Just two weeks before the attack, Natan-Zada was spotted acting suspiciously at the same bus station.

"He was seen by security guards in the central bus station and he was in his army uniform; he had his gun with him and he was looking around in the area where Arabs get the buses to go to the villages and towns. So that made the security guard really suspicious because he had no reason to be there," Talami explains.

The bus station guard says he spoke with Natan-Zada and later recognised him when his picture was published in the press.

Talami says he also discovered that Natan-Zada had travelled to Shafr'Amr on the same bus the day before the attack and that this is further evidence that the attack was pre-planned.

When the bus reached the end of its journey, the bus driver found Natan-Zada asleep.

"The bus driver asked him what are you doing here and he said 'oh I fell asleep'. So he gave him some water. The next day he got on the same bus, the same line at the same time and he shot first the bus driver in the head and then he started shooting at all the passengers," Talami says.

Talami also says that there is evidence that Natan-Zada had help in planning his attack.

"Three eye witnesses at least saw a suspicious car during the time of the attack in Shafr'Amr. It had three people in it. They describe them as religious Jewish people and they had the orange ribbon in the car.

"Now this ribbon used to represent the struggle of the settlers against disengagement in Gaza. The car was waiting and when they saw a police car coming they just swiftly raced out of the town."

According to Talami, the strongest evidence that Natan-Zada did not act alone was found in his mobile phone records.
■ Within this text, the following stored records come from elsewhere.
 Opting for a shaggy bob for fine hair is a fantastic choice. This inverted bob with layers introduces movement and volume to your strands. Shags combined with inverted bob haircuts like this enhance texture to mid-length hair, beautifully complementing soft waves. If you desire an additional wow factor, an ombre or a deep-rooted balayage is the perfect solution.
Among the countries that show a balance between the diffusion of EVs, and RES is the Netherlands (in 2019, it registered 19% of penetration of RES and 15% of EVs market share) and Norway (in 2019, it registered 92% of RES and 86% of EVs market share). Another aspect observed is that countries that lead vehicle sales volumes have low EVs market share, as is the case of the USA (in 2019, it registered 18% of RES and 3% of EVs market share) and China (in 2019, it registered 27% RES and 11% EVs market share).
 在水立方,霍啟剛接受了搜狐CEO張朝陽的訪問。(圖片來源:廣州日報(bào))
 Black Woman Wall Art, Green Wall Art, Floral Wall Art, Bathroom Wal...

The lawyer tracked down who he had been speaking to on the day before the attack.

"We found out we're talking about really dangerous criminals. They are all Jews from settlements, some of them got indicted before for doing terrorist acts. So what was said in these conversations we don't know. But he didn't call for example his family or friends. He called people from Tapuah - which is a really Jewish extreme settlement in the West Bank."
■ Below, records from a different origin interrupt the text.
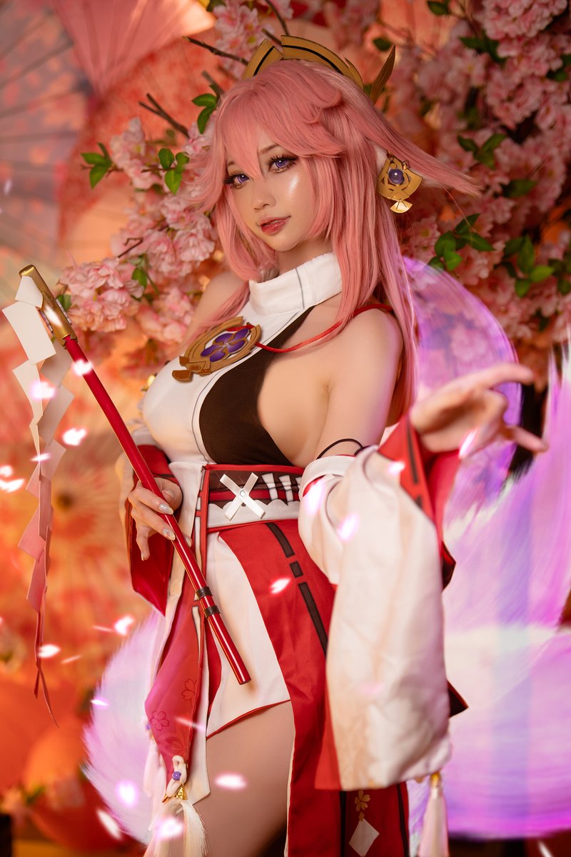 【Cosplay・コスプレ】 ── 原神 / 八重神子⛩ 誕生日おめでとう🌸 📸:我が弟 きなきなもち(@rasberry_pi1114 ) #原神_キャラ生誕祭 #八重神子 #八重神子生誕祭2023
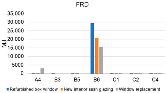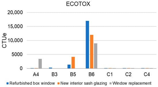 Across all three scenarios, the energy demand associated with space heating (B6) represents the primary contributor to freshwater ecotoxicity (Figure 9). The predominant share of this impact stems from energy production based on fossil oil. As the scenario involving the refurbished box-type window exhibits the highest energy consumption for space heating, it consequently results in the most adverse ecotoxicity outcomes. In contrast, the window replacement scenario demonstrates the most favourable performance in this regard.
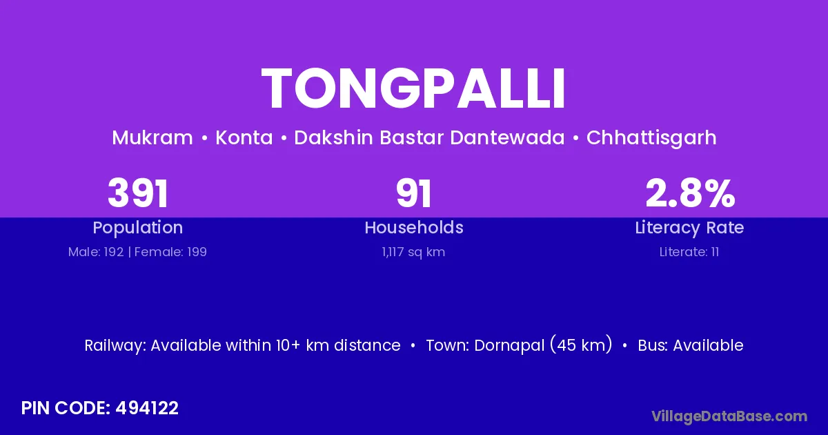According to Census 2011 information, the village code of Tongpalli village is 494122.
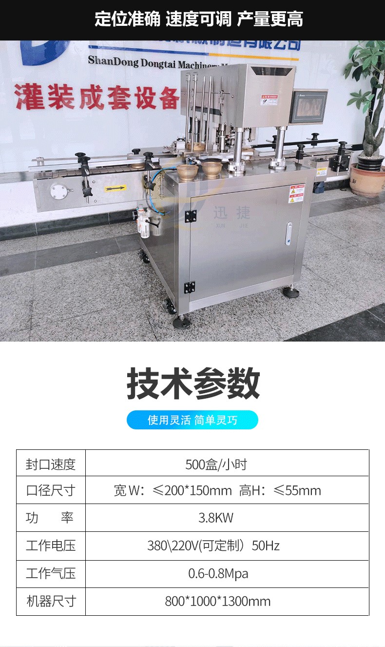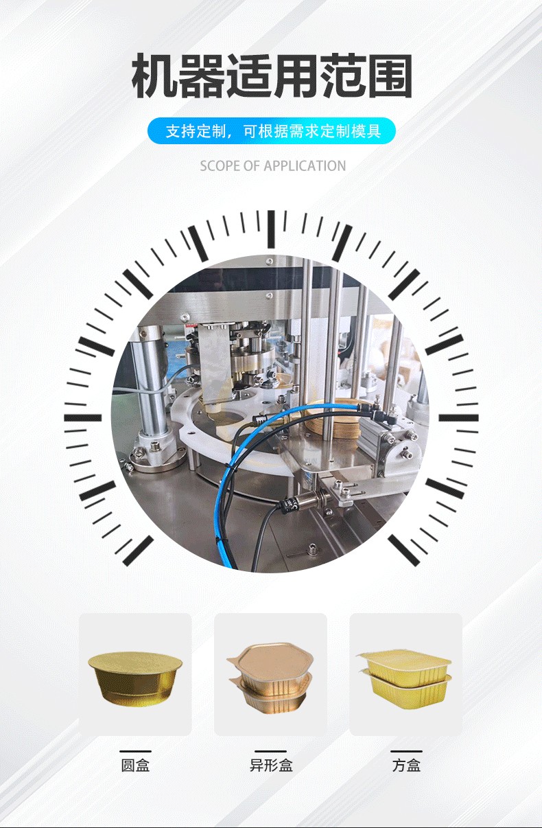 全自動(dòng)鋁箔盒封口機(jī)用途:用于咖喱醬、調(diào)料品、火鍋料、果醬、辣椒醬、醬油醋、番茄醬等杯盒的自動(dòng)灌裝與封口。
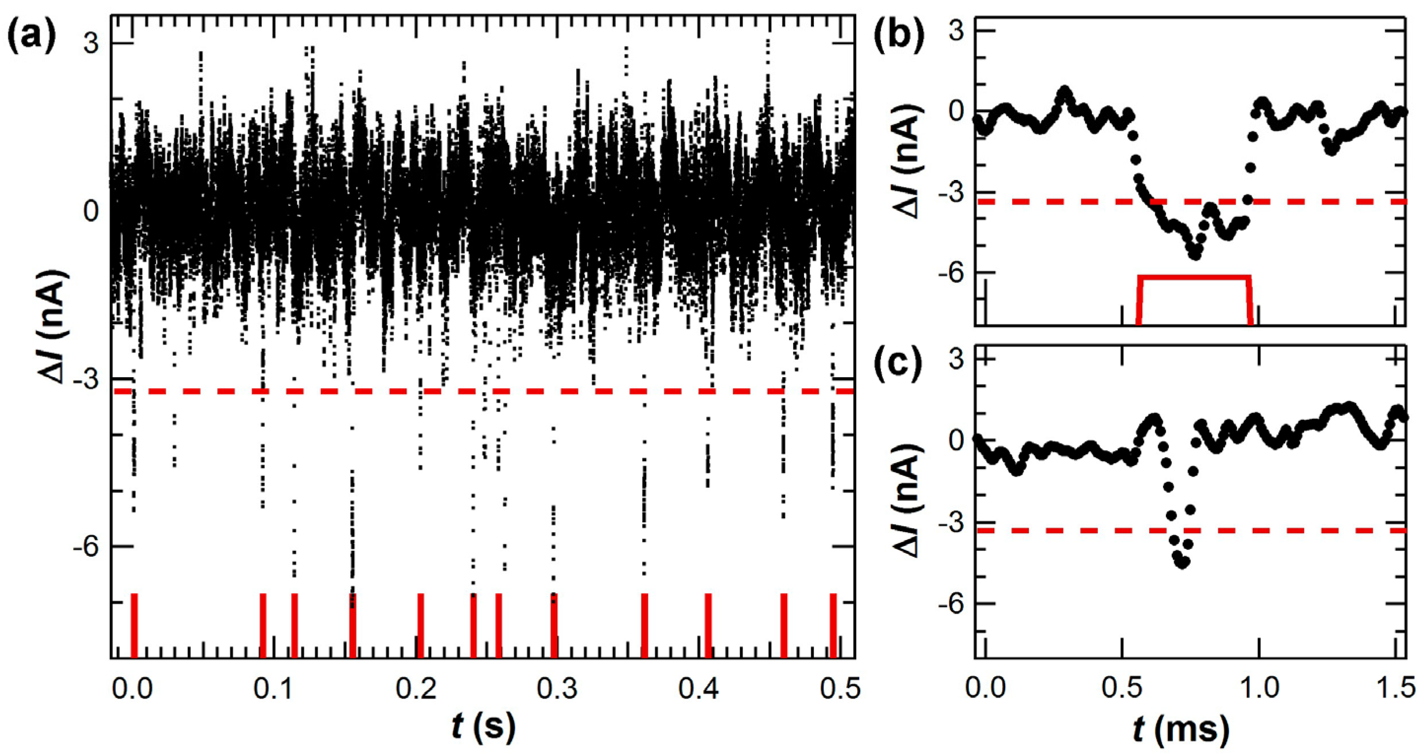 (a) ∆I(t) excursions and event enumeration (red) at higher magnification. Individual excursions were counted as dNTP incorporations if they exceeded a threshold determined by the baseline 1/f noise (dashed lines) and if their duration exceeded 100 μs (i.e., 10 data points). (b,c) Magnified plots of the first two ∆I(t) excursions in (a) demonstrate examples of: (b) a base incorporation event; and (c) an excursion rejected for having a short, unresolved duration. A 40 μs amplifier rise time limited analysis to the longer events, but better time resolution might reliably identify brief ∆I(t) excursions caused by noncatalytic KF motions.
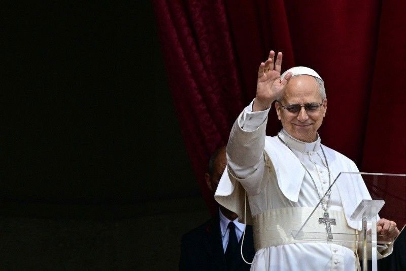 Pope Leo XIV delivers the Regina Caeli prayer from the main central loggia of St Peter’s basilica in The Vatican.
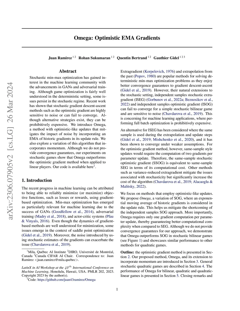Stochastic min-max optimization has gained interest in the machine learning community with the advancements in GANs and adversarial training. Although game optimization is fairly well understood in the deterministic setting, some issues persist in the stochastic regime. Recent work has shown that stochastic gradient descent-ascent methods such as the optimistic gradient are highly sensitive to noise or can fail to converge. Although alternative strategies exist, they can be prohibitively expensive. We introduce Omega, a method with optimistic-like updates that mitigates the impact of noise by incorporating an EMA of historic gradients in its update rule. We also explore a variation of this algorithm that incorporates momentum. Although we do not provide convergence guarantees, our experiments on stochastic games show that Omega outperforms the optimistic gradient method when applied to linear players.
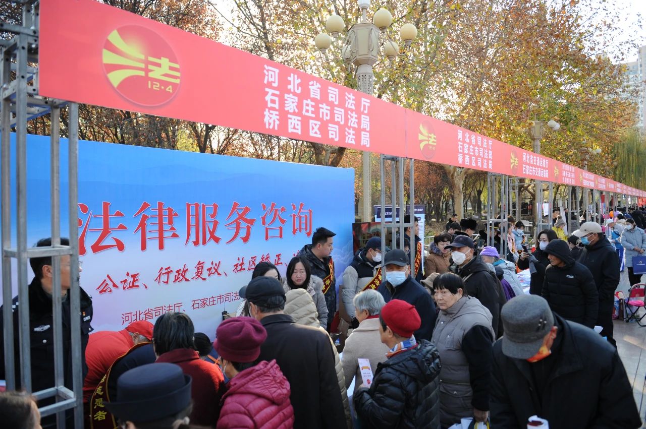 今年国家宪法日活动的主题是“大力弘扬宪法精神,推动进一步全面深化改革”。集中宣传活动现场共分为5个部分:一是“谁执法谁普法”宣传咨询区,位于公园中心位置,由190余家省直、市直部门1000多名工作人员按照“谁执法谁普法”普法责任制要求,结合各自职能开展法治宣传和法律咨询活动,现场共发放宪法法律宣传资料26万份,设置展板150余块,解答群众法律咨询2200多人次。二是涉外法治宣传专区,位于公园东北角,省司法厅联合省公安厅、省商务厅、省外办、省贸促会、石家庄海关等部门,面向群众开展涉外法治宣传和法律法规政策咨询服务。三是优化营商环境法治宣传咨询区,位于公园西北角,省发改委联合省委金融办、省司法厅、省自然资源厅、省市场监管局、省国资委、省数政局、省工商联等部门,围绕优化法治化营商环境开展普法宣传。四是 “依法治国从这里起航”巡展区,位于公园东南角,设置展板31块,由西柏坡纪念馆讲解员现场,宣讲我省红色法治文化研究保护成果。五是高校法学教育展示区,位于公园西南角,由部分设有法学院系的驻石高校,集中展示我省法治人才培养成果。
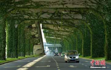 Chengdu, known as a Park City, integrates nature into urban development, aiming to place residents within nature. One great example is how their highway undersides and pillars are covered in vines.

Talami is now calling for the police to re-open their investigation into Natan-Zada.

One in five Israeli citizens is Arab and if a growing number of them continue to feel alienated from the forces of law and order, the legitimacy of the country's democracy will eventually be undermined.

"We think that the Jewish community have to share responsibility. We need to see the president of the state of Israel and the leaders of the police forces, all of them standing as one voice and say that we will not allow ongoing violence against the Arab citizens," says human rights lawyer Jafar Farah.

"You have to know that everybody will be equal in front of the law and if people will be criminals and they are Jews or Arabs, they will face the same treatment in front of the law."